- Pitcher
- Born: February 8, 1914 Johnstown, Pennsylvania, U.S.
- Died: March 26, 1986 (aged 72) Crossville, Tennessee, U.S.
- Batted: RightThrew: Right

MLB debut
- April 29, 1945, for the Cincinnati Reds

Last MLB appearance
- June 9, 1945, for the Cincinnati Reds

MLB statistics
- Win–loss record: 2–0
- Earned run average: 3.38
- Strikeouts: 3
- Stats at Baseball Reference

Teams
- Cincinnati Reds (1945);

= Mel Bosser =

American baseball player (1914–1986)

Melvin Edward Bosser (February 8, 1914 – March 26, 1986) was an American Major League Baseball (MLB) pitcher who played for the Cincinnati Reds in 1945. The 31-year-old rookie right-hander was a native of Johnstown, Pennsylvania.
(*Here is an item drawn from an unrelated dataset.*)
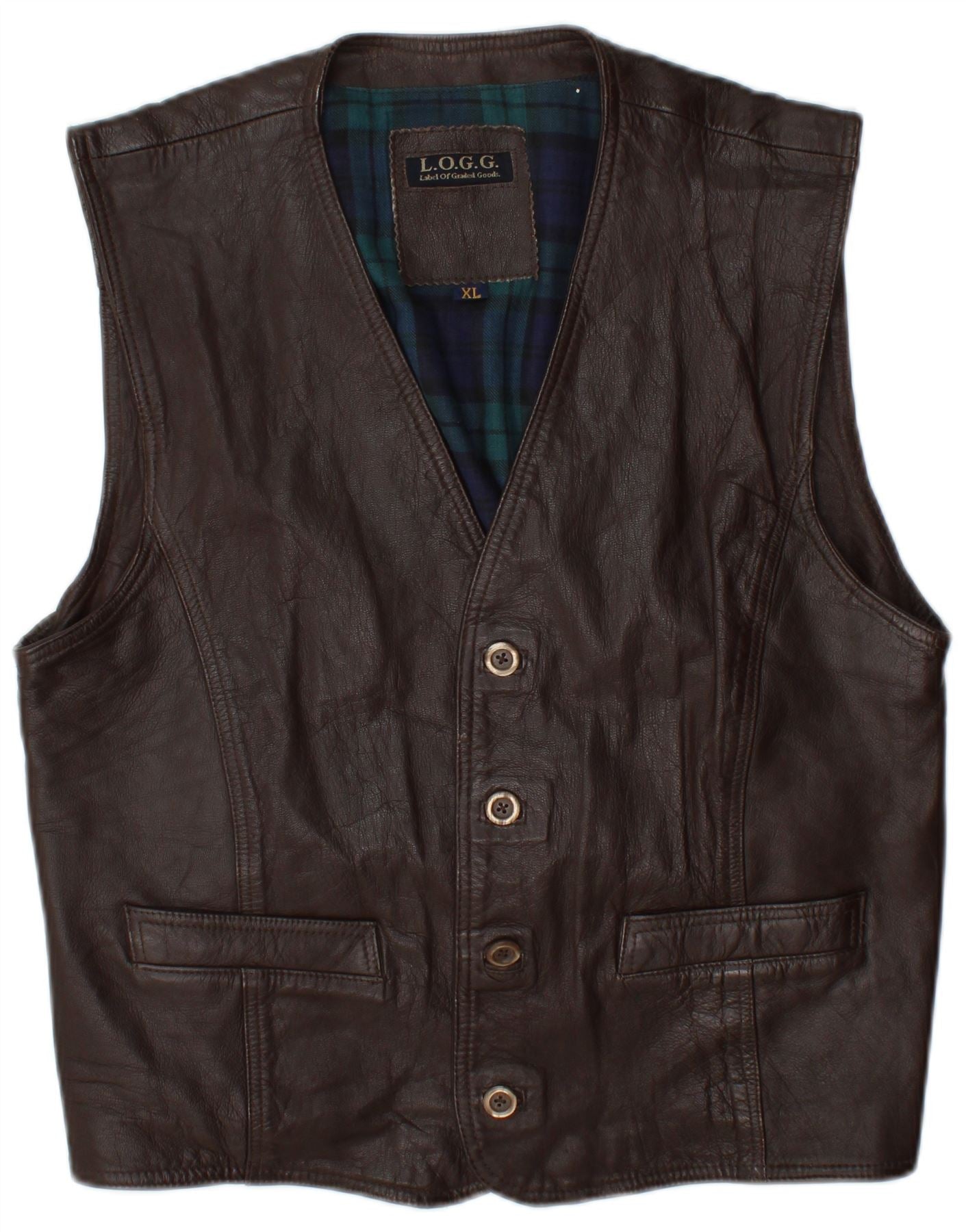 L.O.G.G Mens Leather Waistcoat XL Brown Check Leather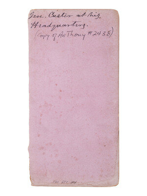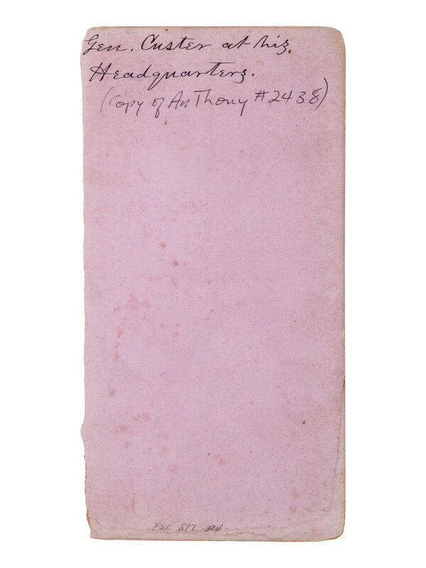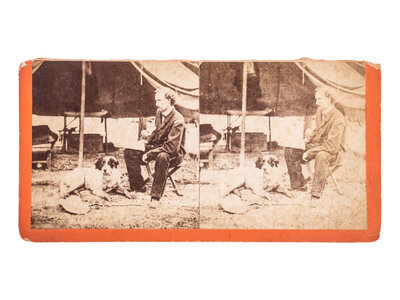 Stereoview on orange cardstock mount (toning, soiling, loss to upper edge of mount and wear to edges). Verso with ink inscription reading, in part, "Gen. Custer at his Headquarters." Features Custer seated in a camp chair, with his trusty canine companion sitting at his feet.

Bosser is one of many ballplayers who only appeared in the major leagues during World War II. He made his major league debut in relief on April 29, 1945, in a doubleheader against the St. Louis Cardinals at Crosley Field. Fifteen days later he made his first big league start and was the winning pitcher in a 5–4 game against the Philadelphia Phillies at Shibe Park. His next win came in relief on May 30, also against the Phillies. His last appearance was on June 9, and then he was released by the Reds the next day.

In a total of 7 games he was 2–0 with 2 games started, 0 complete games, and 3 games finished. In 16 innings pitched he gave up 9 hits and walked 17. However, he allowed only 6 earned runs, so his final ERA was 3.38.

Bosser died at the age of 72 in Crossville, Tennessee. He was interred in the Crossville City Cemetery in Crossville, Tennessee.